Re: Data from PostgreSQL to Spark

2015-07-28 Thread Jeetendra Gangele
Hi Ayan Thanks for reply.
Its around 5 GB having 10 tables...this data changes very frequently every
minutes few updates
its difficult to have this data in spark, if any updates happen on main
tables, how can I refresh spark data?





On 28 July 2015 at 02:11, ayan guha guha.a...@gmail.com wrote:

 You can call dB connect once per partition. Please have a look at design
 patterns of for each construct in document.
 How big is your data in dB? How soon that data changes? You would be
 better off if data is in spark already
 On 28 Jul 2015 04:48, Jeetendra Gangele gangele...@gmail.com wrote:

 Thanks for your reply.

 Parallel i will be hitting around 6000 call to postgreSQl which is not
 good my database will die.
 these calls to database will keeps on increasing.
 Handling millions on request is not an issue with Hbase/NOSQL

 any other alternative?




 On 27 July 2015 at 23:18, felixcheun...@hotmail.com wrote:

 You can have Spark reading from PostgreSQL through the data access API.
 Do you have any concern with that approach since you mention copying that
 data into HBase.

 From: Jeetendra Gangele
 Sent: Monday, July 27, 6:00 AM
 Subject: Data from PostgreSQL to Spark
 To: user

 Hi All

 I have a use case where where I am consuming the Events from RabbitMQ
 using spark streaming.This event has some fields on which I want to query
 the PostgreSQL and bring the data and then do the join between event data
 and PostgreSQl data and put the aggregated data into HDFS, so that I run
 run analytics query over this data using SparkSQL.

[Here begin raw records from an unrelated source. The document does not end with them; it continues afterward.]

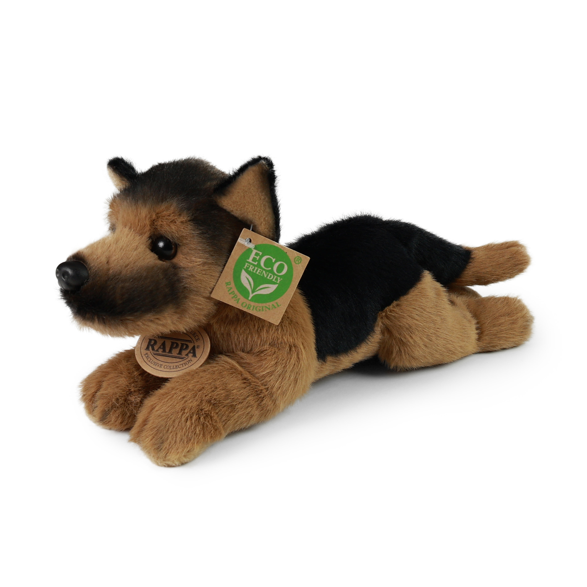 Plyšový pes německý ovčák o velikosti 20 cm je vyroben z vysoce kvalitní, heboučké plyše a je tak součástí exkluzivní kolekce plyšových hraček RAPPA. Perfektní dárek pro jakoukoli příležitost! Co to vlastně ECO-FRIENDLY znamená? Výplň plyšové hračky je vyrobena z recyklovaných PET lahví. Tento materiál je zcela bezpečný, na omak nerozeznatelný od standartní výplně a plně atestovaný pro bezpečnost i těch nejmenších. Rozhodli jsme se jít zelenou cestou co nejméně zatěžující životní prostředí- cestou ECO-FRIEN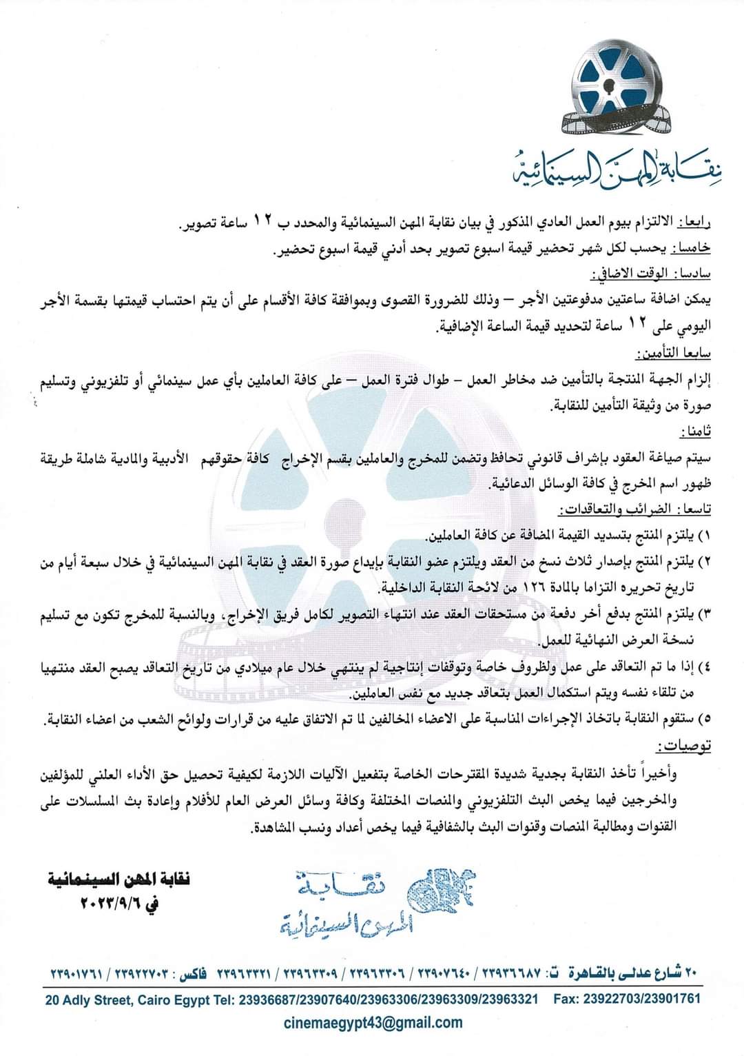 - رابعًا: الالتزام بيوم العمل العادي المذكور في بيان نقابة المهن السينمائية والمحدد.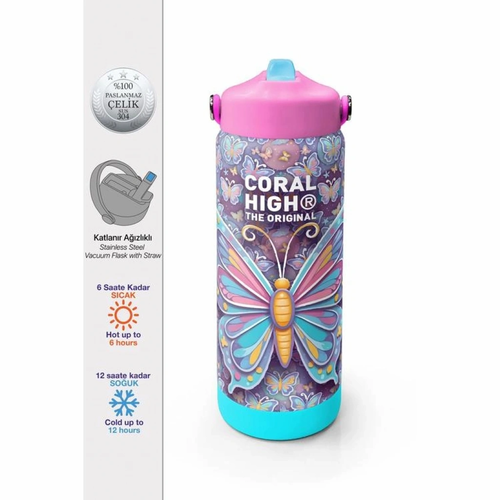 CORAL HIGH 38306 KIDS PASTEL RENKLİ KELEBEK DESENLİ KATLANIR AĞIZLI PİPETLİ ÇELİK TERMOS 650ML

 my question is PostgreSQL data in production data so i don't want to hit
 so many times.

 at any given  1 seconds time I may have 3000 events,that means I need to
 fire 3000 parallel query to my PostGreSQl and this data keeps on growing,
 so my database will go down.



 I can't migrate this PostgreSQL data since lots of system using it,but I
 can take this data to some NOSQL like base and query the Hbase, but here
 issue is How can I make sure that Hbase has upto date data?

 Any anyone suggest me best approach/ method to handle this case?

 Regards

 Jeetendra




Re: Data from PostgreSQL to Spark

2015-07-28 Thread Jeetendra Gangele
I trying do that, but there will always data mismatch, since by the time
scoop is fetching main database will get so many updates. There is
something called incremental data fetch using scoop but that hits a
database rather than reading the WAL edit.



On 28 July 2015 at 02:52, santosh...@gmail.com wrote:

  Why cant you bulk pre-fetch the data to HDFS (like using Sqoop) instead
 of hitting Postgres multiple times?

 Sent from Windows Mail

 *From:* ayan guha guha.a...@gmail.com
 *Sent:* ‎Monday‎, ‎July‎ ‎27‎, ‎2015 ‎4‎:‎41‎ ‎PM
 *To:* Jeetendra Gangele gangele...@gmail.com
 *Cc:* felixcheun...@hotmail.com, user@spark.apache.org

 You can call dB connect once per partition. Please have a look at design
 patterns of for each construct in document.
 How big is your data in dB? How soon that data changes? You would be
 better off if data is in spark already
 On 28 Jul 2015 04:48, Jeetendra Gangele gangele...@gmail.com wrote:

 Thanks for your reply.

 Parallel i will be hitting around 6000 call to postgreSQl which is not
 good my database will die.
 these calls to database will keeps on increasing.
 Handling millions on request is not an issue with Hbase/NOSQL

 any other alternative?




 On 27 July 2015 at 23:18, felixcheun...@hotmail.com wrote:

 You can have Spark reading from PostgreSQL through the data access API.
 Do you have any concern with that approach since you mention copying that
 data into HBase.

 From: Jeetendra Gangele
 Sent: Monday, July 27, 6:00 AM
 Subject: Data from PostgreSQL to Spark
 To: user

 Hi All

 I have a use case where where I am consuming the Events from RabbitMQ
 using spark streaming.This event has some fields on which I want to query
 the PostgreSQL and bring the data and then do the join between event data
 and PostgreSQl data and put the aggregated data into HDFS, so that I run
 run analytics query over this data using SparkSQL.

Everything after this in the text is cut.